Task instructions: Of all the lines below, return only those starting with the line holding "Vintage 90s Y2K" and going on through the line holding "프로세스 항목들이 나오는데요.", exactly as written.

(Data records)
______
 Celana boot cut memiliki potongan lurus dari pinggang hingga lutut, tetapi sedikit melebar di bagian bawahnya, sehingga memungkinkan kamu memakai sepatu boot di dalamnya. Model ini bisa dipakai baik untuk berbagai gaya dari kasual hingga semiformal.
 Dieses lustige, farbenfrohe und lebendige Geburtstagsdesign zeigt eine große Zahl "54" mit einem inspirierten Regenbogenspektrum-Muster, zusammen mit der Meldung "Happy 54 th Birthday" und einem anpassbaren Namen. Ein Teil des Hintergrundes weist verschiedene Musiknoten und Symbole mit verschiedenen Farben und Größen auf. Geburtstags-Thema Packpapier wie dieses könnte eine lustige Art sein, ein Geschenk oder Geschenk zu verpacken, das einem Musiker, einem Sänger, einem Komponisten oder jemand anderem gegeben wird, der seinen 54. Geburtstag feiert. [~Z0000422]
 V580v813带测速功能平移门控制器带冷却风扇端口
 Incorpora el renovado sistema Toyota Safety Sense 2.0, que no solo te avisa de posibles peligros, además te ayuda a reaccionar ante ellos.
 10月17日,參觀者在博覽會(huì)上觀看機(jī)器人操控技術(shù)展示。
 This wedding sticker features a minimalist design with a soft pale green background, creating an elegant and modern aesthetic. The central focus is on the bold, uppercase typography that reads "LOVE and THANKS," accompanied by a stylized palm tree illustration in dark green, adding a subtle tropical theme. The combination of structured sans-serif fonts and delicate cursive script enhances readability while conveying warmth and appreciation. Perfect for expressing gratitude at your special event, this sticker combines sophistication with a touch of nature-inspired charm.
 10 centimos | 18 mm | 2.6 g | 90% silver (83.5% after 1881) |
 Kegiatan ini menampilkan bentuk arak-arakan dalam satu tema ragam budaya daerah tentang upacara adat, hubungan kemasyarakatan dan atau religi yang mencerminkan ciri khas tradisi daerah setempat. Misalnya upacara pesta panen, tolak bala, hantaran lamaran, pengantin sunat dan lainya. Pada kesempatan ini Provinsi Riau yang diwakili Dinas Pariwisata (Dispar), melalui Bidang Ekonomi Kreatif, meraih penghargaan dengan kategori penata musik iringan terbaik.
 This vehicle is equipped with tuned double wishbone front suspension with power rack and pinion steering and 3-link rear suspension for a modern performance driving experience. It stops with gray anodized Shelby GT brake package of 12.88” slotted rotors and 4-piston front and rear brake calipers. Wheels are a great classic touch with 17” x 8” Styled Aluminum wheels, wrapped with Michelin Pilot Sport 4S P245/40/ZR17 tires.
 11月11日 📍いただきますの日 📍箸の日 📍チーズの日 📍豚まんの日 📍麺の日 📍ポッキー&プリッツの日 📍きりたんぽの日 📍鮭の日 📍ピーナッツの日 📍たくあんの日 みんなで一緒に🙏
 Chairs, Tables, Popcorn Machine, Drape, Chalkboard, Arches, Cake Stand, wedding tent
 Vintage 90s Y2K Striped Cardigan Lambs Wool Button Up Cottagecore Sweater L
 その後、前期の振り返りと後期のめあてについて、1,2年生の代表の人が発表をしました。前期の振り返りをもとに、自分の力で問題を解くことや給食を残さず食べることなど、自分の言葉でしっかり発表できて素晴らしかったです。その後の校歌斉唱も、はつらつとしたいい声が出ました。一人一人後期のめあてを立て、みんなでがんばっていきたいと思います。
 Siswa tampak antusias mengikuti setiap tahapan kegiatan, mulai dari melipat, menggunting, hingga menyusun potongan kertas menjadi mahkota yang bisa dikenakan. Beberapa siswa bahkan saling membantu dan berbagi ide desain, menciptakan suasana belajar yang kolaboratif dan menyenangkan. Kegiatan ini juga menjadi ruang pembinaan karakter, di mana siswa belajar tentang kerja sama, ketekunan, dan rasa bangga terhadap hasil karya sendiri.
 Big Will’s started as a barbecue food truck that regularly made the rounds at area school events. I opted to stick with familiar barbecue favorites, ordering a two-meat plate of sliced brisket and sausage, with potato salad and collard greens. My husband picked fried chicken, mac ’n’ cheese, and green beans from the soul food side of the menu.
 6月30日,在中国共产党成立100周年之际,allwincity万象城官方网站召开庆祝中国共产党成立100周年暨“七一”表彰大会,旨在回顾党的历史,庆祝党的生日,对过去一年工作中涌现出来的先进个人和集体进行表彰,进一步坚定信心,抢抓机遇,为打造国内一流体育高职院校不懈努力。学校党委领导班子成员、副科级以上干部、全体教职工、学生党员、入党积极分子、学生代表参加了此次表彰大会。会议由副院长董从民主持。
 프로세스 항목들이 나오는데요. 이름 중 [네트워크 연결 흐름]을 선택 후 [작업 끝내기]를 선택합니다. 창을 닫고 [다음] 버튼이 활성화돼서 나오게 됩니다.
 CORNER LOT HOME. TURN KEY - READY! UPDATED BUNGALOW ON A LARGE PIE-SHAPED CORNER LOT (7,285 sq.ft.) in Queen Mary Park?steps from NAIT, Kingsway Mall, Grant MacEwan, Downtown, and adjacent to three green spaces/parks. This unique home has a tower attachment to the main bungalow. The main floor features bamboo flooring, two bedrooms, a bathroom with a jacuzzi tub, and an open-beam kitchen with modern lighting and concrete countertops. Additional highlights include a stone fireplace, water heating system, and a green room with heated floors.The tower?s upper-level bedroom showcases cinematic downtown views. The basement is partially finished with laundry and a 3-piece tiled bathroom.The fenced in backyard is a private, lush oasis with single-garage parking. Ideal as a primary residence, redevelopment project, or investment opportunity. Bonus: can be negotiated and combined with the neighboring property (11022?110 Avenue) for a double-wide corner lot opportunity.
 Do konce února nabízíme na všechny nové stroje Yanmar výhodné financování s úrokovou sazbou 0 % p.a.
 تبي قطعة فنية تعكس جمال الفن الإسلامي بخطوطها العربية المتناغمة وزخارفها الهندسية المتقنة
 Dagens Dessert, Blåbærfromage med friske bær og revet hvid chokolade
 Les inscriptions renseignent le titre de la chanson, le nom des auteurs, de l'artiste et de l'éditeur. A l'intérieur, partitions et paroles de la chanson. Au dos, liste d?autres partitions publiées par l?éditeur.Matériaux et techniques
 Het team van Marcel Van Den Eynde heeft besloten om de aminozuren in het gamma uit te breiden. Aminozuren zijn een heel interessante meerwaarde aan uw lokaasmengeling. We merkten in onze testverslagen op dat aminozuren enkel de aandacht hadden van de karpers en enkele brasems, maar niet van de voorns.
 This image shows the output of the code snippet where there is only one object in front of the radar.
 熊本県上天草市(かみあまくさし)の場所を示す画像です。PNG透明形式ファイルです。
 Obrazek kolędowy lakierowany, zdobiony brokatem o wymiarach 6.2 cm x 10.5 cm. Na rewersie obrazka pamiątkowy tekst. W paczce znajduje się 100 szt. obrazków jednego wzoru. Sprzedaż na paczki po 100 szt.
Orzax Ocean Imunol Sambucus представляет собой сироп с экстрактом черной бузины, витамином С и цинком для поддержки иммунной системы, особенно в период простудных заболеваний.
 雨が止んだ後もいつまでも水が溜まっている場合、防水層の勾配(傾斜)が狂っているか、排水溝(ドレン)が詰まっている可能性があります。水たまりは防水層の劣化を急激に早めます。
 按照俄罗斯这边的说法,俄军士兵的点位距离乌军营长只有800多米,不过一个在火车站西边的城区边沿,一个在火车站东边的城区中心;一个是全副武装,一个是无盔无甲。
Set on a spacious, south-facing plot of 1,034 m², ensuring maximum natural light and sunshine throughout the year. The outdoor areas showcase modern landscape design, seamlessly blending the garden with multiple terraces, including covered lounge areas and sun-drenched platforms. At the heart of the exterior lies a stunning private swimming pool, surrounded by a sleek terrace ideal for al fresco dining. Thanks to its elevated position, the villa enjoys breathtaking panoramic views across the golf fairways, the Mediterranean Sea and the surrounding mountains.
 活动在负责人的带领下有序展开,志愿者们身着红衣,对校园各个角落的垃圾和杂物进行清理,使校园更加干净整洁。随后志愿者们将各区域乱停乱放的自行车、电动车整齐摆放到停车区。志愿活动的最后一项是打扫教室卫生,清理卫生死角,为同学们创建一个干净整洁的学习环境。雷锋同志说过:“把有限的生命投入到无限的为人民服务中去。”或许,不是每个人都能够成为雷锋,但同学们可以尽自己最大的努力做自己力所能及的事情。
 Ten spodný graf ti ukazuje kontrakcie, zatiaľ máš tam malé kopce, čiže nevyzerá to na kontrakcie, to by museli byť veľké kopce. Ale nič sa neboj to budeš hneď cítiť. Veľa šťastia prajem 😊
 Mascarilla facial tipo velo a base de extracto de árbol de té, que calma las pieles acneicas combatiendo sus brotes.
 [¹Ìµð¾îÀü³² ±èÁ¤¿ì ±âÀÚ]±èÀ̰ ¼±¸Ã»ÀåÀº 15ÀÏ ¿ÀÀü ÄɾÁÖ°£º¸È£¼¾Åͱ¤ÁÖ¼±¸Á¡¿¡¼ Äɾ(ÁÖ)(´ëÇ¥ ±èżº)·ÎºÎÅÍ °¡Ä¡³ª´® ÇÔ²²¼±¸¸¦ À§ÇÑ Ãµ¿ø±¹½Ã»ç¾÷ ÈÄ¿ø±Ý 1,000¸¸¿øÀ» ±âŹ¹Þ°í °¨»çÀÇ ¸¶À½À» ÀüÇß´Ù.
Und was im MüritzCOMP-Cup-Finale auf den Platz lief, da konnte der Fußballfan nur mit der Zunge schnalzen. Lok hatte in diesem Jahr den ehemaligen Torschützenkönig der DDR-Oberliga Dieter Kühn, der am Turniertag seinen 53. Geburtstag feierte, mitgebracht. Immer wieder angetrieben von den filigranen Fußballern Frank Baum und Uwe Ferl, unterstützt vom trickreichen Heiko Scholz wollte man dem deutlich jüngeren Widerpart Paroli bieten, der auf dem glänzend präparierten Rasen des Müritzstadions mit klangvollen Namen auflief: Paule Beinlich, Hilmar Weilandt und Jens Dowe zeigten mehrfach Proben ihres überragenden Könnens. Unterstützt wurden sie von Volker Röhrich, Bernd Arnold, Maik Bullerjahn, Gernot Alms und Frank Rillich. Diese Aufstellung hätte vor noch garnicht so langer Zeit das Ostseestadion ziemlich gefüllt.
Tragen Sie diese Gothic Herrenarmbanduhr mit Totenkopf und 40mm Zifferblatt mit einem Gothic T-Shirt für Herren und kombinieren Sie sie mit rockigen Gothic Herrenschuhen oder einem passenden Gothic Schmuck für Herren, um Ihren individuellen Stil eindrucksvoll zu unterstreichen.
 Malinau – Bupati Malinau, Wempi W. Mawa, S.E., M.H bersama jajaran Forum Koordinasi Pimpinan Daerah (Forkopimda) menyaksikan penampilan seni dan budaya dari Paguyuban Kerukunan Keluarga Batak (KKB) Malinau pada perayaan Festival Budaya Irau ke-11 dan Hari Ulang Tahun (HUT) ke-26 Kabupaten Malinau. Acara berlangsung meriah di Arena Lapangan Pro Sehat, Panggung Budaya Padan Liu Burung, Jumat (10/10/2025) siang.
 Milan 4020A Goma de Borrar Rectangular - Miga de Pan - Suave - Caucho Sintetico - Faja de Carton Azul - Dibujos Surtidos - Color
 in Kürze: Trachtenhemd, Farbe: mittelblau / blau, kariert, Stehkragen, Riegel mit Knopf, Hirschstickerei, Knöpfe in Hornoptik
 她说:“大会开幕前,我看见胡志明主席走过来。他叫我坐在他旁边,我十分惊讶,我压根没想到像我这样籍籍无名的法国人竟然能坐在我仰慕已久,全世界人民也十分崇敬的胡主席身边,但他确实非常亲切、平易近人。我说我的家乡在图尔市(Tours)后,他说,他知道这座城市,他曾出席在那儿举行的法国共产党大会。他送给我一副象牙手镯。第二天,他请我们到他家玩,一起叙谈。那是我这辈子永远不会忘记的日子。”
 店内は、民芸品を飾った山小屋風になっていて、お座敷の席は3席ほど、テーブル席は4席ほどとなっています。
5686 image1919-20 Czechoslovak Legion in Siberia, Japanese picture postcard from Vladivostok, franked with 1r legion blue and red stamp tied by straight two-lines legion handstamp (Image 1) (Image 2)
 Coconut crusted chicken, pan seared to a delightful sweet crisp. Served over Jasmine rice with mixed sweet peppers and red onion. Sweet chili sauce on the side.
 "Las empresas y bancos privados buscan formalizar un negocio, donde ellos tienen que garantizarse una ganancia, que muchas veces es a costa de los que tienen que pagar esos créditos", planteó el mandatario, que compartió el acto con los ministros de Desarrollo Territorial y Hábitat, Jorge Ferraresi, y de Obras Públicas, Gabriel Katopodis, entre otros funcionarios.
______
Task answer:
 Vintage 90s Y2K Striped Cardigan Lambs Wool Button Up Cottagecore Sweater L
 その後、前期の振り返りと後期のめあてについて、1,2年生の代表の人が発表をしました。前期の振り返りをもとに、自分の力で問題を解くことや給食を残さず食べることなど、自分の言葉でしっかり発表できて素晴らしかったです。その後の校歌斉唱も、はつらつとしたいい声が出ました。一人一人後期のめあてを立て、みんなでがんばっていきたいと思います。
 Siswa tampak antusias mengikuti setiap tahapan kegiatan, mulai dari melipat, menggunting, hingga menyusun potongan kertas menjadi mahkota yang bisa dikenakan. Beberapa siswa bahkan saling membantu dan berbagi ide desain, menciptakan suasana belajar yang kolaboratif dan menyenangkan. Kegiatan ini juga menjadi ruang pembinaan karakter, di mana siswa belajar tentang kerja sama, ketekunan, dan rasa bangga terhadap hasil karya sendiri.
 Big Will’s started as a barbecue food truck that regularly made the rounds at area school events. I opted to stick with familiar barbecue favorites, ordering a two-meat plate of sliced brisket and sausage, with potato salad and collard greens. My husband picked fried chicken, mac ’n’ cheese, and green beans from the soul food side of the menu.
 6月30日,在中国共产党成立100周年之际,allwincity万象城官方网站召开庆祝中国共产党成立100周年暨“七一”表彰大会,旨在回顾党的历史,庆祝党的生日,对过去一年工作中涌现出来的先进个人和集体进行表彰,进一步坚定信心,抢抓机遇,为打造国内一流体育高职院校不懈努力。学校党委领导班子成员、副科级以上干部、全体教职工、学生党员、入党积极分子、学生代表参加了此次表彰大会。会议由副院长董从民主持。
 프로세스 항목들이 나오는데요. 이름 중 [네트워크 연결 흐름]을 선택 후 [작업 끝내기]를 선택합니다. 창을 닫고 [다음] 버튼이 활성화돼서 나오게 됩니다.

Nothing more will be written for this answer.